The argument that parties and the media should downplay marginal seats because the 2PP swingometer did a poor job of predicting which seats actually fell is a silly one, because nobody actually knows for sure just what the swing will be. And in fact there still was a pretty strong relationship between 2CP marginality and results in 2022. The Coalition lost six out of nine seats (66.7%) on 4% or less. They lost 5 out of 12 (41.7%) on 4% to 6%. They lost 5 out of 17 (29.4%) on 6% to 10%. They lost 2 out of 38 (5.3%) on more than 10%. While this does suggest seats up the tree shouldn't be ignored, it's still the case that the most 2CP-marginal seats are the seats most likely to fall; in this case 11 of the 18 seats the government lost were its own marginals, and just over half of its marginals fell. It's also wrong to suggest that either the media or the parties ignored the seats on higher margins - in the case of those that were actually competitive (and even some that weren't) far from it. Media articles of the form 'Generic Indie Announces Run For Boring Seat Blah OMG They Might Win!' have been a dime a dozen at recent elections state and federal.

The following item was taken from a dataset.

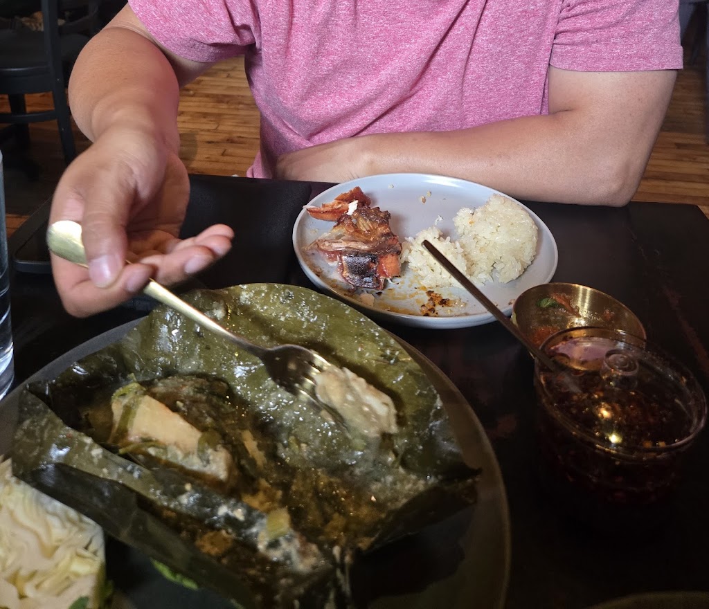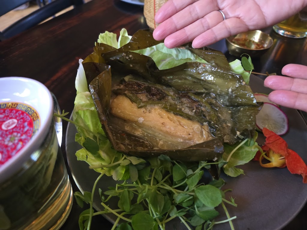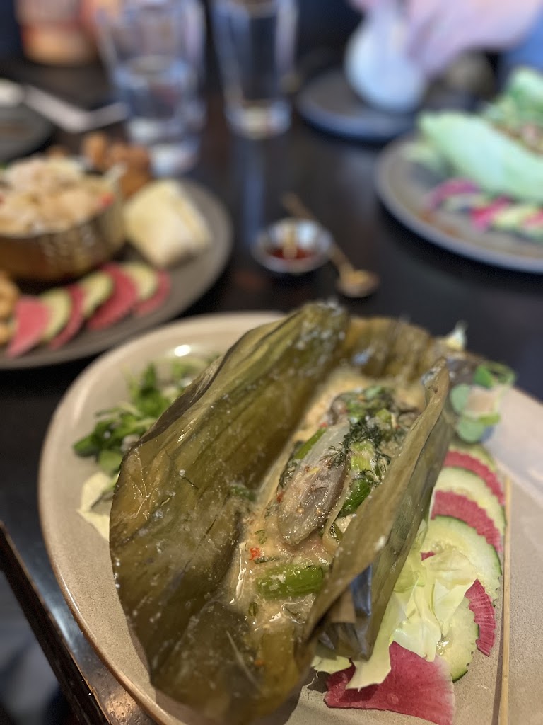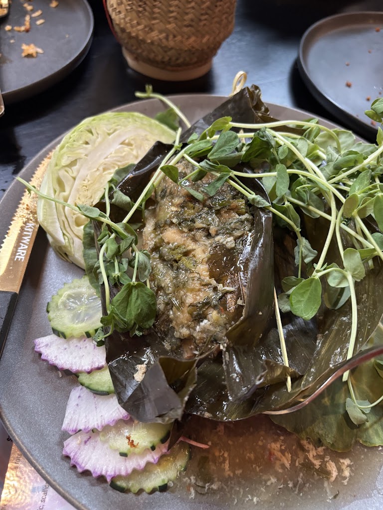 Ordered the green coconut curry with chicken, wife ordered cod wrapped in banana leaf. She too said her meal was delicious!

And one more thing from Denniss's latest effort: yes the swing difference between two states (WA and Tasmania) was unusually high, but so what? 2022 had the greatest spread and the greatest standard deviation in state swings since 1943! But this was not because "different cohorts of Australians now consume radically different news online, and care about radically different issues" or any such other nonsense plucked out of thin air. It was because (i) there was an exceptionally good result for Labor in Western Australia as a result of COVID politics and probably the interrelated popularity of then-Premier Mark McGowan (ii) in Tasmania there was a poor swing result that partly reflected demographic transition in the northern Tasmanian seats but also reflected personal vote factors in the 2019 and 2022 elections. (In 2019 the Liberals had had to disendorse their Lyons candidate while in 2022 Labor's candidates had adverse publicity in both Braddon and Lyons and two new Coalition incumbents had personal vote benefits.)
Federal elections are becoming more complex and both major parties now must fight on multiple fronts and not just one. Despite this, the winner of the major party battle in each given seat still won nearly 90% of seats in 2022. If either side chose to downplay the classic marginal battles in pursuit of fights in the minority of non-classic seats, that would be an extremely foolish move.